━━━ Data for this task

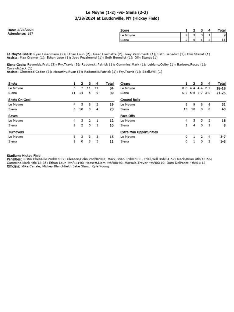 Le Moyne 7, Siena 8
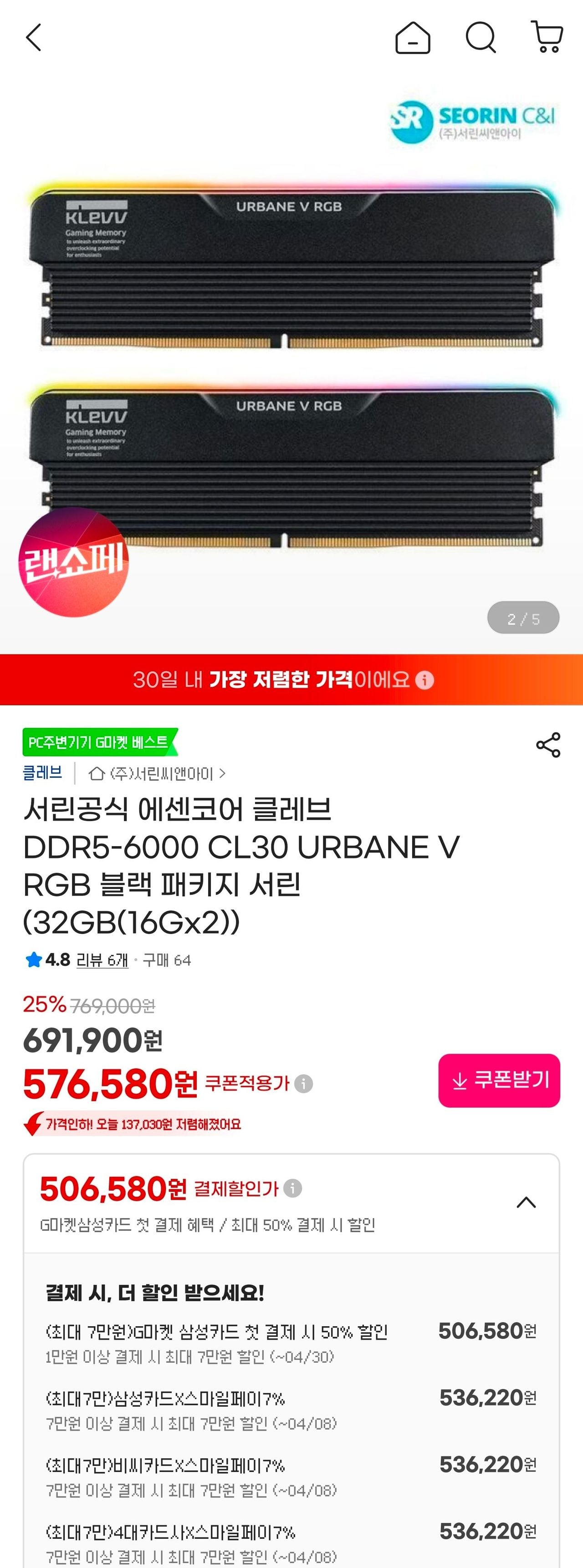 | 지마켓 | 서린공식 에센코어 클레브 DDR5-6000 CL30 URBANE V RGB 블랙 패키지(32GB(16Gx2)) | 536,220원 | 핫딜모음에서 제공한 가격 |
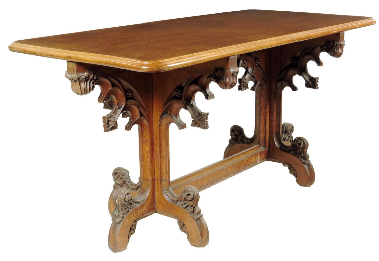 A Victorian oak Gothic library table in the manner A.W.N. Pugin
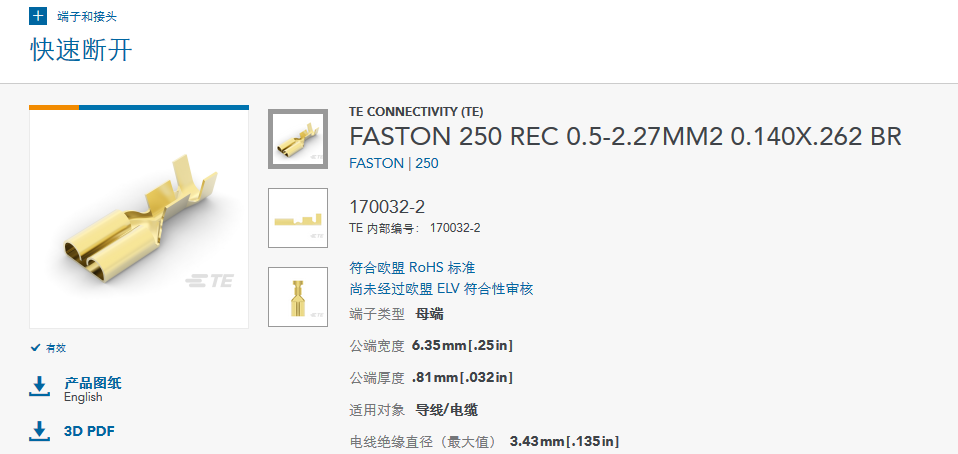 端子和接頭快速斷開連接器泰科料號170032-2電氣特性
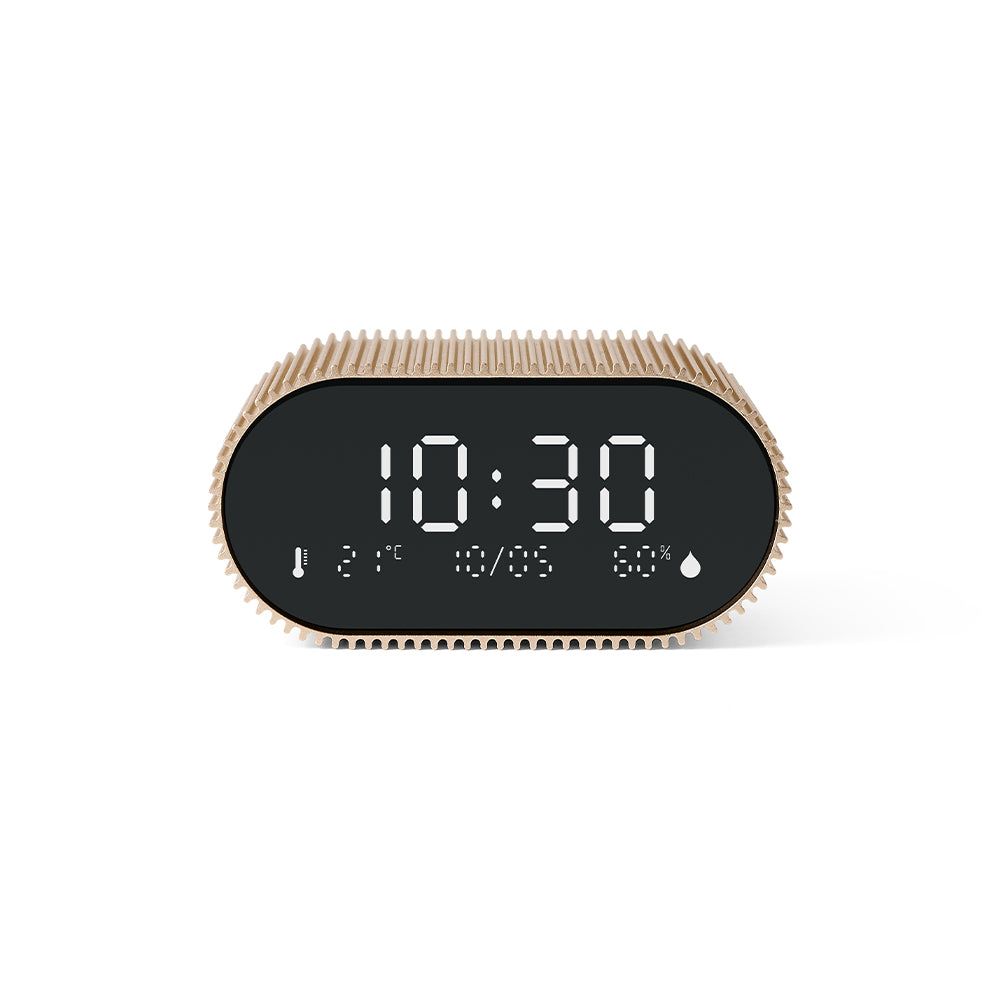 Lexon Ray Clock Lcd Alarm Clock With Temperature / Humidity Display - Gold - Discover Ray Clock alarm clock, the essential companion for gentle awakenings and peaceful nights. Equipped with a pure black VA LCD screen ensuring clear visibility at all times, ambient temperature and humidity sensors, it displays useful information for your daily well-being. Designed to be easy to use, simply tilt the alarm clock on its base to disable it and upright it to activate it. Ray Clock offers a wide choice of melodies and natural sounds to wake you up gently. Its night mode allows you to sleep peacefully, without being disturbed by the light of the screen. Ray Clock features a minimalist and elegant design, with its case made entirely of aluminum with unique stripes which will bring a touch of modernity to your room. Available in many colours, it will fit harmoniously into your interior. Offering up to 6 months of battery life, Ray Clock is rechargeable via USB-C. Say goodbye to the hassle of dead batteries! You can rely on your alarm clock to accompany you for several months without worrying about frequent recharging.
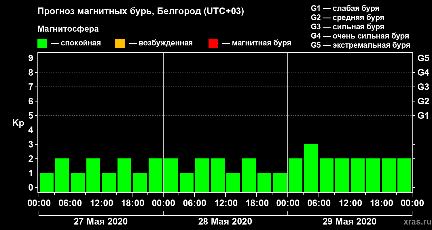 Прогноз магнитных бурь в Белгороде на 27 мая 2020 года
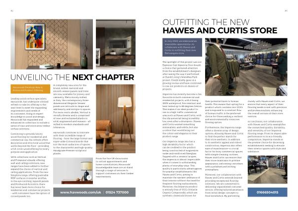 In conclusion , our collaboration with Hawes and Curtis exemplifies the unmatched quality , durability , and versatility of our Impervia flooring range . From its impeccable performance to its eco-friendly composition , Impervia stands as the premier choice for discerning establishments seeking to elevate their interior spaces with style and substance .
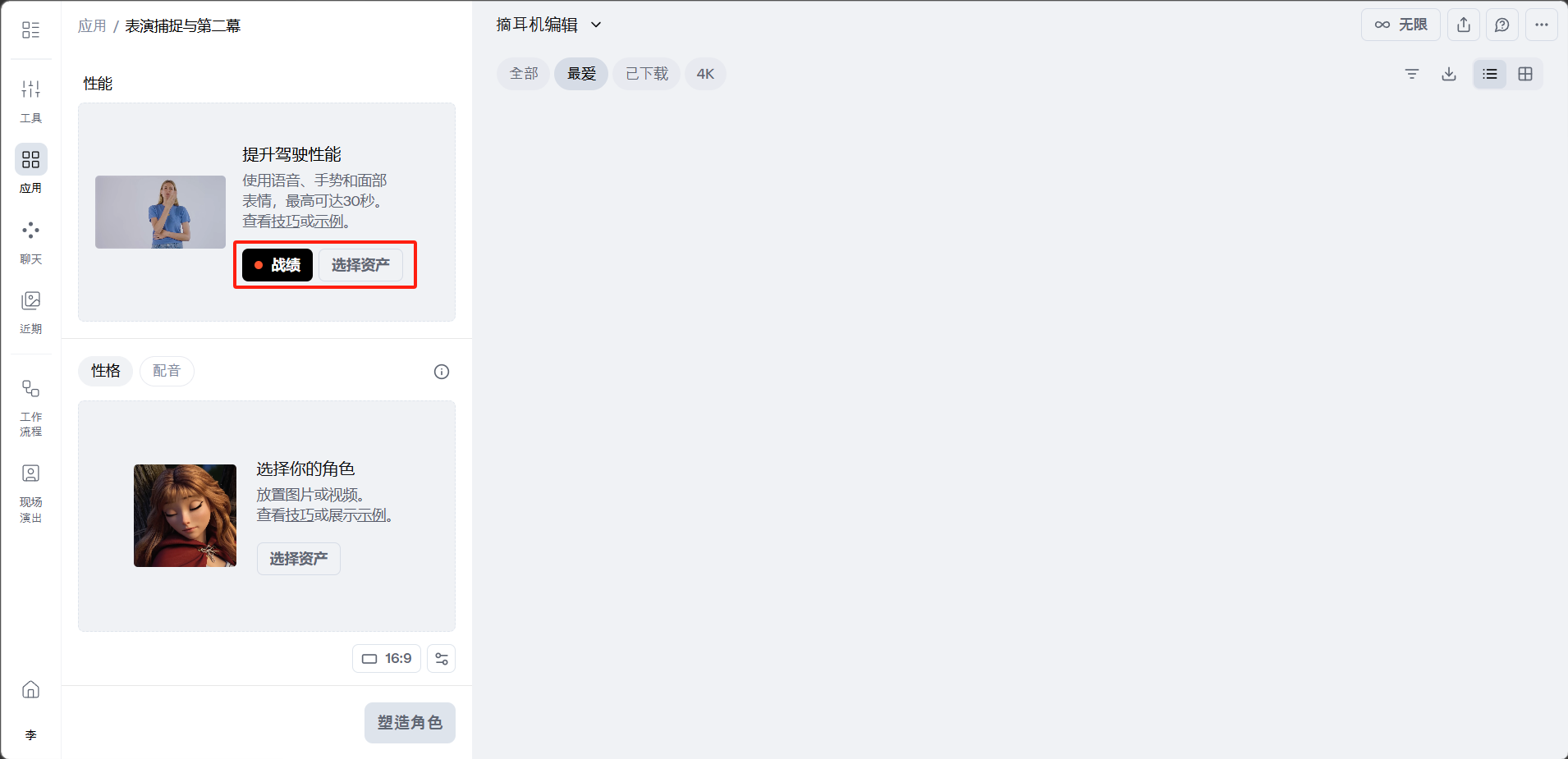 可以点击「录制」开始录制动作(最多 30 秒),浏览器可能会翻译为「战绩」。或点击「选择资产」上传已有素材。
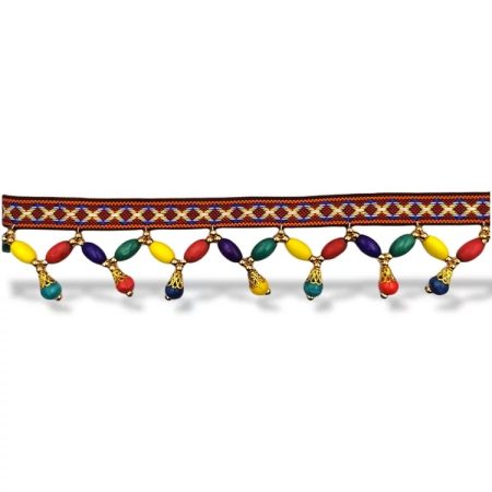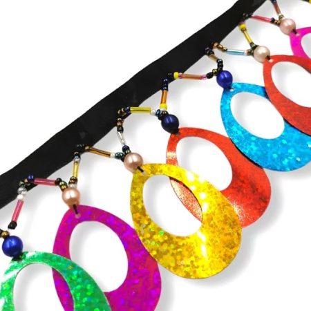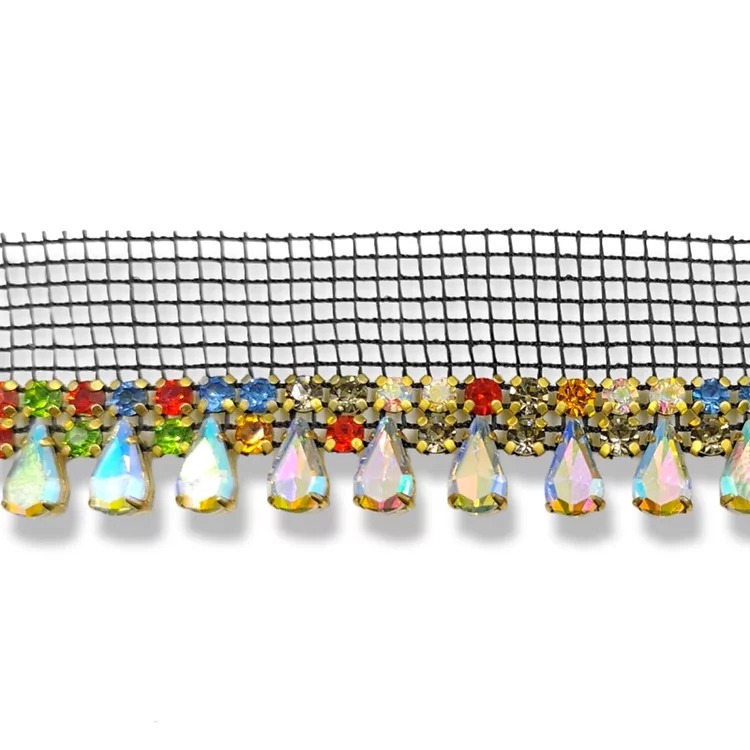 passamaneria con una base di rete nera e con catena elettrosaldata con pietre multicolor, tonde e a goccia mm 25
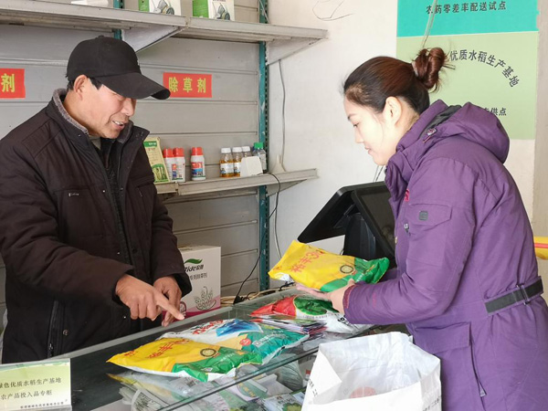 權(quán)太琦(右)在農(nóng)資銷售店詢問價格變化。新華社記者?陸華東?攝
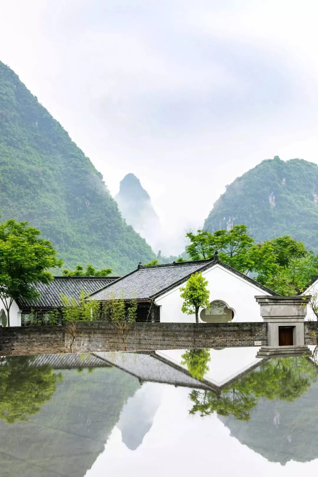 设计师将巴厘岛风格与传统桂北民居完美结合,整个设计低调,简约,奢华的中式白墙灰瓦倒印在山水里,宛若天成。
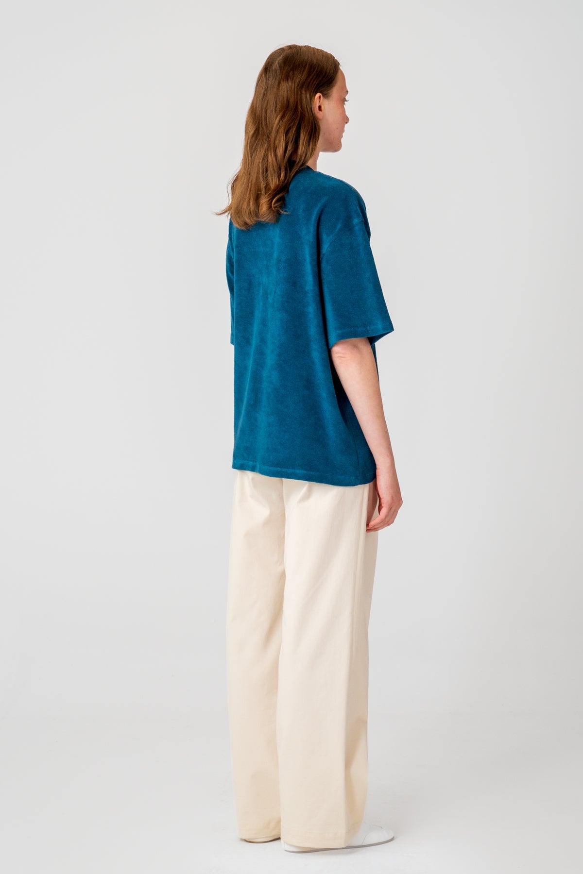 Terry kumaştan, cepli, nakışlı, oversize-fit, unisex t-shirt.
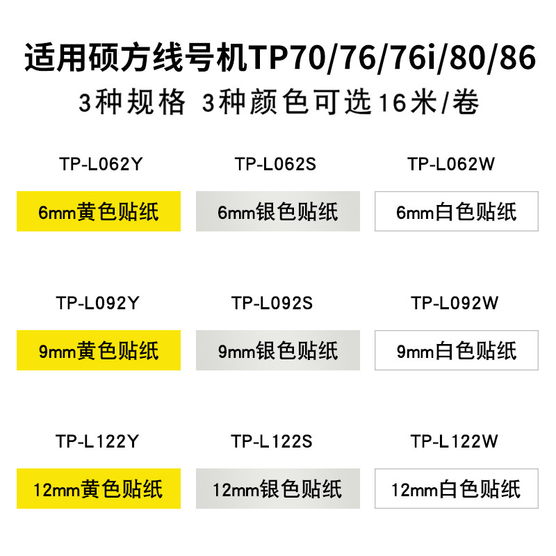 Original Shuofang line number machine TP70 76i sticker TP80 86 label paper 9mm yellow white Self-adhesive printing paper tape TP-L092W Sticker Sleeve typewriter number tube typewriter
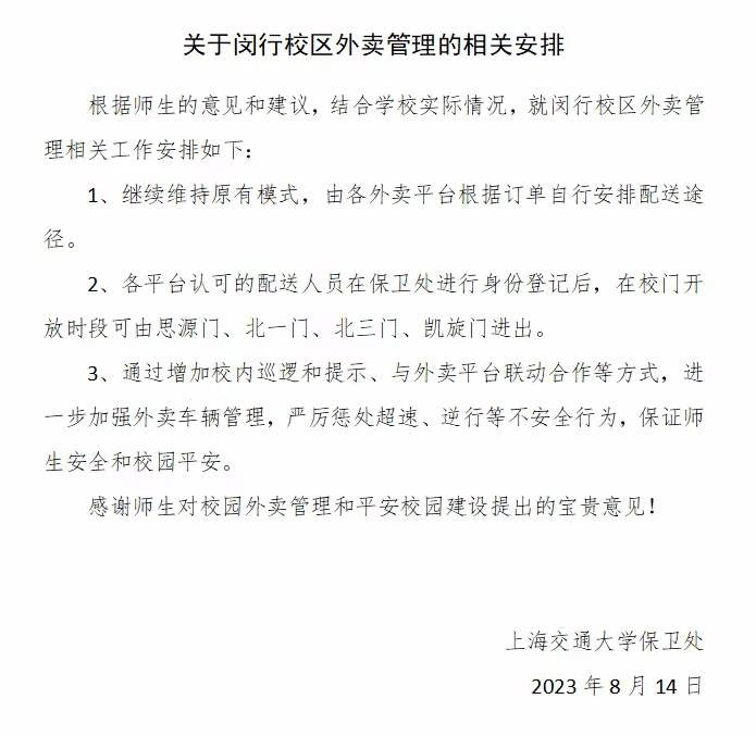 8月14日晚6點,有上海交大學(xué)生向記者反映,學(xué)校已更新關(guān)于閔行校區(qū)外賣管理的相關(guān)安排。安排顯示,維持原有模式,由各外賣平臺根據(jù)訂單自行安排配送途徑,各平臺認可的配送人員在保衛(wèi)處進行身份登記后,在校門開放時段可由學(xué)校四個校門進出;學(xué)校會通過增加校內(nèi)巡邏和提示,與外賣平臺聯(lián)動合作等方式,進一步加強外賣車輛管理,嚴(yán)厲懲處超速、逆行等不安全行為,保證師生安全和校園平安。當(dāng)晚,澎湃新聞記者了解到,閔行校區(qū)已有保安人員接到上級通知,維持原有模式,多名外賣騎手也從學(xué)校保安人員處獲知可正常進出校園。

━━━━━━

Task to complete: Using the entries above, write out exactly the lines from the one with "權(quán)太琦(右)在農" through the one with "Terry kumaştan, cepli, nakışlı, oversize-fit, unisex", ends included. Leave out any pictures.

Solution to the exercise:
 權(quán)太琦(右)在農(nóng)資銷售店詢問價格變化。新華社記者?陸華東?攝
 设计师将巴厘岛风格与传统桂北民居完美结合,整个设计低调,简约,奢华的中式白墙灰瓦倒印在山水里,宛若天成。
 Terry kumaştan, cepli, nakışlı, oversize-fit, unisex t-shirt.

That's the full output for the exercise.